§ Material provided:

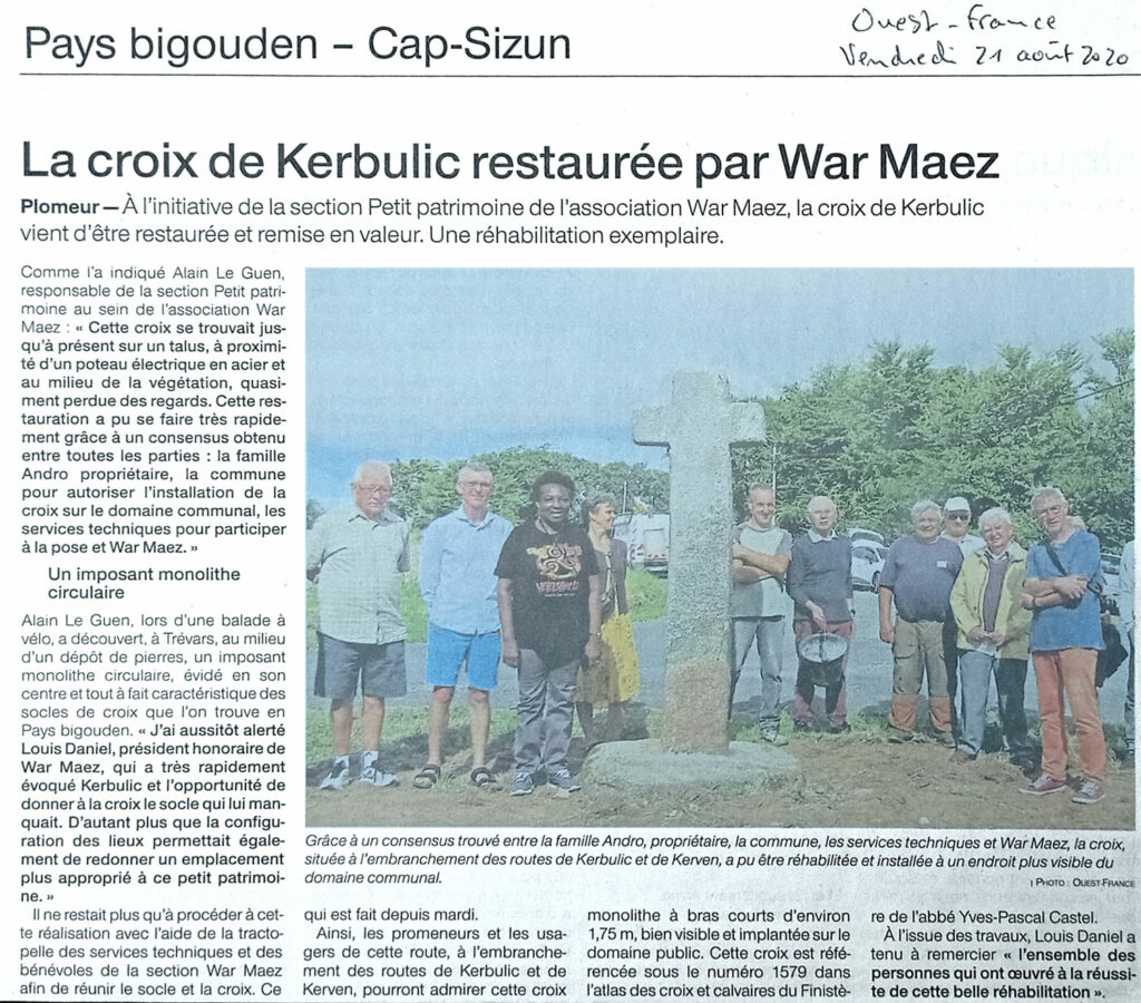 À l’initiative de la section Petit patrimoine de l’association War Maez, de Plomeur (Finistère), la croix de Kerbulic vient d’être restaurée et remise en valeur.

...

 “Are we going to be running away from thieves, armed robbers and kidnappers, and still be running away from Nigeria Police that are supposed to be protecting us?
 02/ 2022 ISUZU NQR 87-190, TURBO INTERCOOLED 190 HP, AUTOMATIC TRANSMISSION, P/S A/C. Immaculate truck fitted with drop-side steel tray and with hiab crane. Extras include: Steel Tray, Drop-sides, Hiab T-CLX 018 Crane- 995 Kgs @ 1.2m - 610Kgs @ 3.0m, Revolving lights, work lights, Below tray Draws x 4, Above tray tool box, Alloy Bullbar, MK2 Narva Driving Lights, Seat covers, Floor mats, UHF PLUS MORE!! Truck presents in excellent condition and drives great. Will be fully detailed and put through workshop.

§ Work instructions: Your answer should consist of the lines from the line with "be protecting us?" to the line with "02/ 2022 ISUZU" above, repeated exactly, both ends included.

§ Solution for this exercise:
 “Are we going to be running away from thieves, armed robbers and kidnappers, and still be running away from Nigeria Police that are supposed to be protecting us?
 02/ 2022 ISUZU NQR 87-190, TURBO INTERCOOLED 190 HP, AUTOMATIC TRANSMISSION, P/S A/C. Immaculate truck fitted with drop-side steel tray and with hiab crane. Extras include: Steel Tray, Drop-sides, Hiab T-CLX 018 Crane- 995 Kgs @ 1.2m - 610Kgs @ 3.0m, Revolving lights, work lights, Below tray Draws x 4, Above tray tool box, Alloy Bullbar, MK2 Narva Driving Lights, Seat covers, Floor mats, UHF PLUS MORE!! Truck presents in excellent condition and drives great. Will be fully detailed and put through workshop.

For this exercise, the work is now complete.